A “Grounds for termination, maybe. A conflict, no,” says Princeton-based attorney Deborah S. Dunn with the law firm of Stark & Stark, which has offices in New York and New Jersey.

“The property manager, as an employee, has no obligation to the cooperative, other than that associated with a regular employee/employer relationship. The board member has various obligations imposed upon him by virtue of his position on the board. However, it is unlikely that any conduct here rises to a level considered to be a conflict of interest, such that he would have breached his fiduciary duty.

“The law imposes certain requirements, limitations and obligations on those who hold a position on a governing board, whether of a for-profit or not-for-profit company. In short, a member of the board must discharge his duties in good faith and with the degree of diligence, care and skill that an ordinarily prudent person in a comparable position would exercise under similar circumstances. This duty is commonly referred to as the ‘duty of care.’ In addition to having a duty of care, members of the board have a ‘duty of loyalty.’ That means that no director may undertake an act or omission, which that person knows or believes to be contrary to the best interest of the corporation or its shareholders in connection with any matter in which the board member has a material conflict of interest.

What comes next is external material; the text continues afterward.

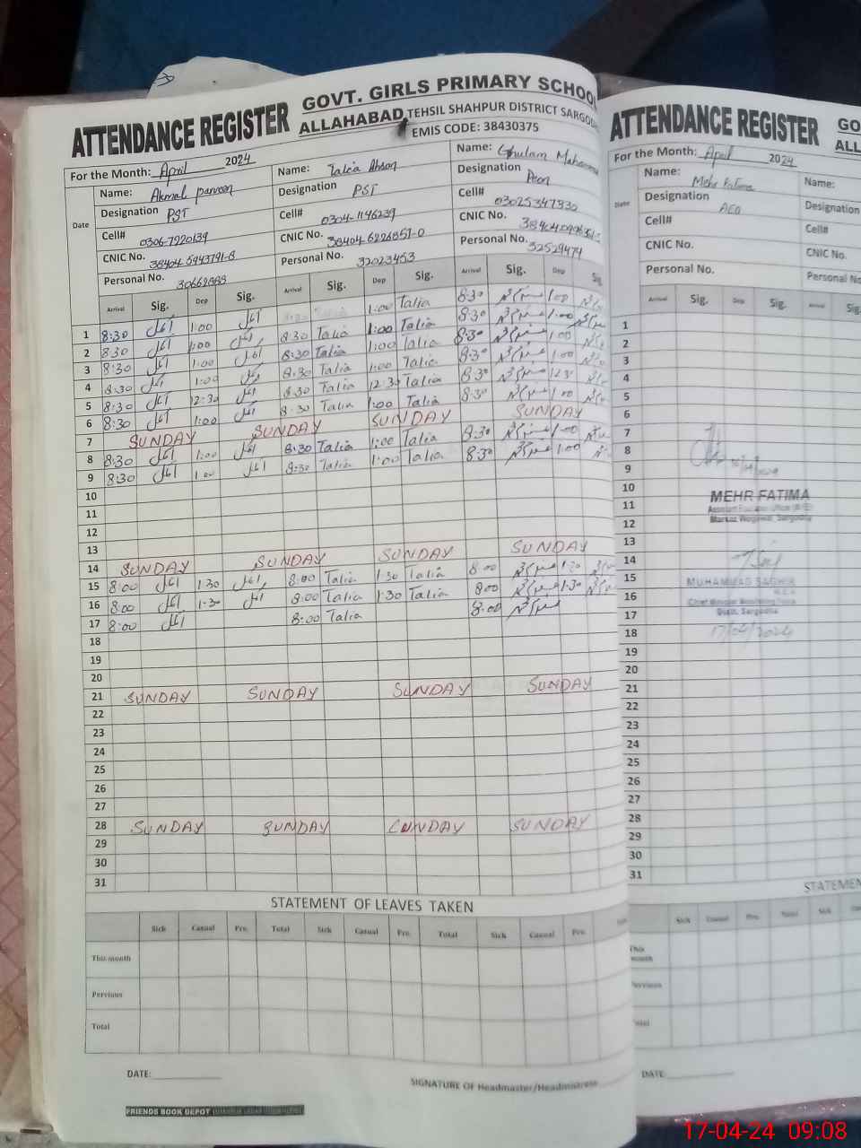 | Name: AK**** PA**** Designation: (School Headmaster's/Headmistress's) PST Phone/Cell Number: 03**** |

“A board member who conducts corporate affairs in a fraudulent or unconscionable manner, commits self-dealing in an intrinsically unfair transaction, or wastes corporate assets would be considered to have breached his fiduciary duty. Self-dealing occurs when a board member seizes a business opportunity presented to him that creates a conflict of self interest between the corporation and the board member. Board members have the right to rely upon the ‘business judgment rule.’ The business judgment rule provides a legal presumption that, absent self-interest or bad faith, any decision made by members of a board, if made with due care, is not vulnerable to legal challenge.

“Here, apparently the board was aware of the relationship between the property manager and the board member’s son, as well as the activities of both. The board exercised its judgment in permitting the activity and would probably argue that it received some benefit as a result. For example, maybe the property manager charged a lower rate than others in the business, or worked overtime, or was available on the weekends, and in exchange the board permitted him to conduct other business on the side or use coop supplies. If the board was unhappy with the services provided by the property manager or that the coop’s resources were being used for things other than coop business, the board was certainly able to sever the relationship, as it apparently did. In the end, without knowing more details, what you describe is not necessarily improper.”